Every company aims to attain a critical mass: the number of users required for the network effect to take place. Once this threshold is reached, the quality of the products and services improves, and the company focuses on becoming self-sustainable and prioritizing customer satisfaction. This leads to the creation of better and more valuable products and services. Additionally, achieving critical mass helps companies to determine a pricing strategy. In the initial stages, businesses must consider the customer's ability or willingness to pay to set high prices. 
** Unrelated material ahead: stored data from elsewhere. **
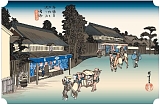 鳴海宿 本陣1脇本陣2旅籠68家数847人口3643[天保14年(1843)] 古くは「遠くなり 近くなるみの 浜千鳥 鳴く音に汐の みちひをぞ知る」と詠まれたように海に近く成海と呼ばれ歌枕の地として多くの歌人に詠まれた。鎌倉時代は鎌倉街道が通り戦国時代は織田と今川の境界で今川は鳴海城を織田は中島砦、善照寺砦、丹下砦を築いた。宿の中心は根古屋町だったが宝暦5年(1755)文化8年(1811)の火事で当時の建物や記録はほとんど焼失。文化8年は「扇屋の火事」と呼び本陣、脇本陣、問屋場も焼失した。現在は道幅のみが往時を偲ばせ名古屋市緑区の中心地となっている。有松絞の有松と同じく鳴海絞を名産とする。天保14年の町並の長さは15町18間(1.6km)。 | |
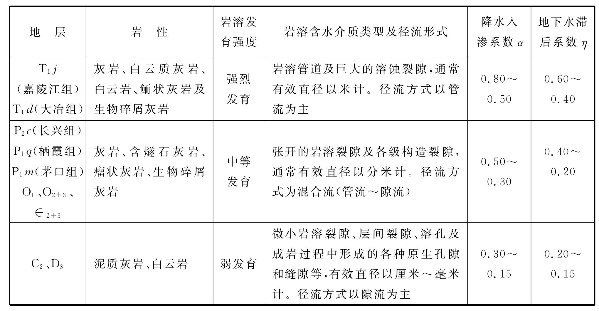 表7-4宜萬鐵路碳酸鹽巖降水入滲系數(shù)α、地下水滯后系數(shù)η表
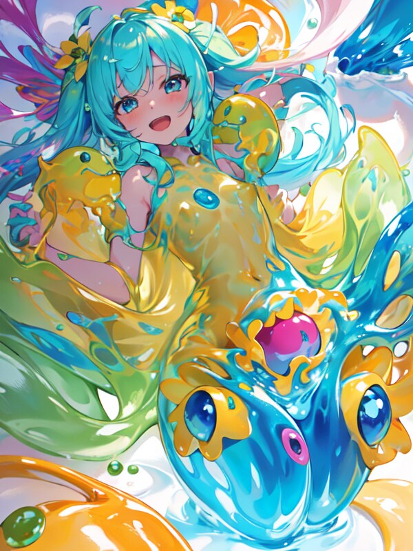 スライム娘のLoraを使えばもうちょっとドロドロした質感、透明感が出るんですけど、
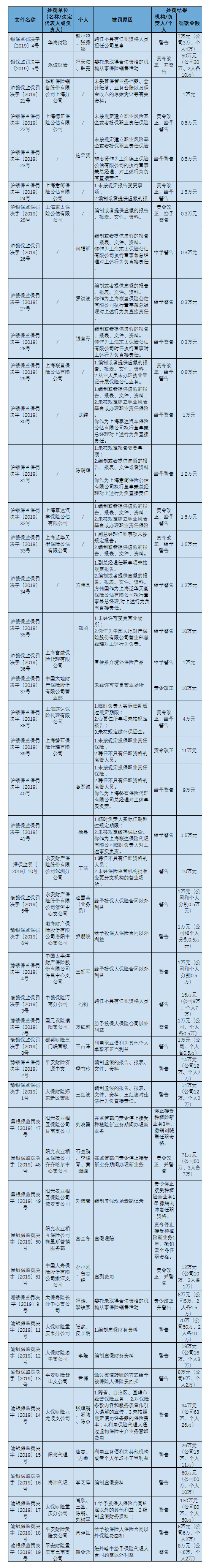 受罚原因主要为,虚列费用、编造虚假材料、利用业务便利为他人牟取不正当利益、未对从业人员进行执业登记、宣传推介境外保险产品等。
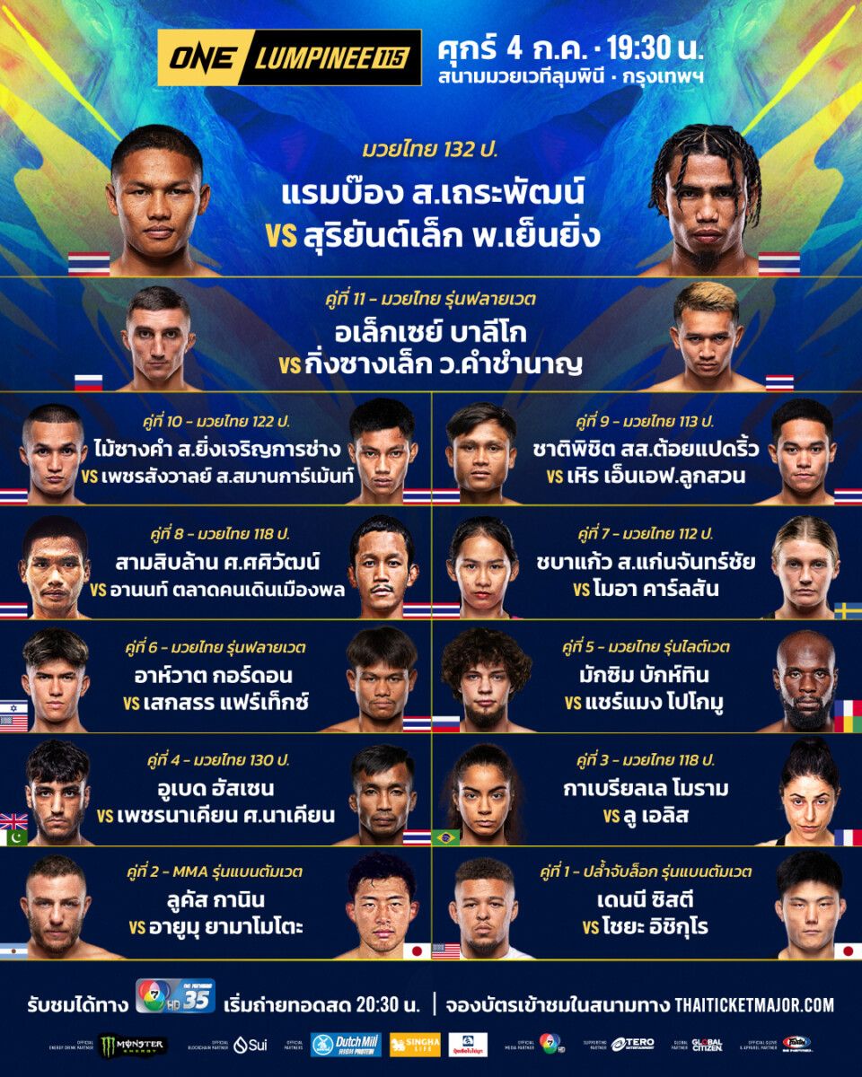 ช่อง 7HD สาดความมัน ให้ลุ้นคู่มวยเดือดแบบจัดเต็ม ประเดิมต้นเดือนกรกฎาคม เริ่มด้วย วันศุกร์ที่ 4 กรกฎาคมนี้ พบกับศึก ONE ลุมพินี 115 ขนทัพนักสู้บู๊ระห่ำรวม 12 คู่ โดยคู่เอกเป็นการเปิดศึกภาค 4 ระหว่าง แรมบ๊อง ส.เถระพัฒน์ กำปั้นขาลุย จากลำพูน พร้อมดับเครื่องชน สุริยันต์เล็ก พ.เย็นยิ่ง นักชกหมัดหนักวัยเดียวกันจากมหาสารคาม ที่ขอกู้ฟอร์มเก่งกลับมาเก็บชัย ด้านคู่เอกภาคอินเตอร์ อาห์วาต กอร์ดอน กำปั้นฟอร์มฮอต ตัวแทนจากสหรัฐอเมริกา-อิสราเอล กลับมาท้าแลกเดือด เสกสรร แฟร์เท็กซ์ นักสู้มาดกวน จากอุดรธานี ที่หวังเก็บชัยชนะต่อเนื่องให้ได้ แฟนหมัดมวยห้ามพลาดเด็ดขาด

How to measure Network effects

To assess early indications of potential network effects in a business, we analyze five different groups of metrics.

Acquisition KPIs
When a network grows larger and becomes more valuable to its users, it should become more effective in acquiring new users. Therefore, monitoring metrics such as the percentage of organic traffic, direct or internal traffic, and referred users is essential to determine if these metrics are increasing.

Engagement/retention KPIs
It is crucial to understand users' cohorts vertically (i.e., historical improvement in product or service) and horizontally (i.e., increased retention and engagement of users within the same cohort over time). To assess the quality of the user base, it is essential to distinguish between the retention of first-time users and their engagement on the platform. Cohort analysis can be performed by analyzing paid and power users, and it can be done on a blended basis.

Platform KPIs
Be very keen on the concept of Operating System and Share of Wallet. One of the company's goals should be to increase the company's share of wallets with both sides of the transaction while reducing multi-tenanting, which means users are active on competitive platforms. The company should focus on becoming the Operating System for their demand or supply side. Additionally, the platform's match rate, such as driver utilization, and sell-through rate, such as inventory turnover, should gradually increase.

Monetization KPIs
The company's pricing and bargaining power should improve, and users' willingness to pay should increase due to the abovementioned factors. If the company initially subsidizes demand or supply acquisition, it can introduce more expensive subscriptions, listing fees, higher take rates, or other monetization mechanisms. Ultimately, the most critical factor is unit economics (LTV: CAC & CAC payback), which should improve over time due to customer Lifetime Value (LTV) and blended Cost of Customer Acquisition (CAC) optimization.

Unit Economics
In the long run, the most critical aspect is the unit economics comprising LTV: CAC and CAC payback. These should improve over time due to two factors. Firstly, customer lifetime value should increase, meaning the company can extract more value from customers for extended periods. This can be achieved by offering fewer incentives to different marketplace sides and having better pricing power. Secondly, the blended cost of customer acquisition should decrease.
When conducting research or investing, evaluating if a company has adequate resources to develop a large-scale ecosystem is crucial. To maintain its leadership status, a business must prevent new entrants from creating a comparable value proposition for the ecosystem by building its supply and demand. Familiarity with Network Effects and the ability to identify critical indicators can significantly increase investment returns and enable selecting only internet-based companies for inclusion in one's portfolio. The network effect is experiencing greater dynamism than in the past, with the potential for different patterns of maturity and development over time. Presently, Nfx is evolving more rapidly than previously observed.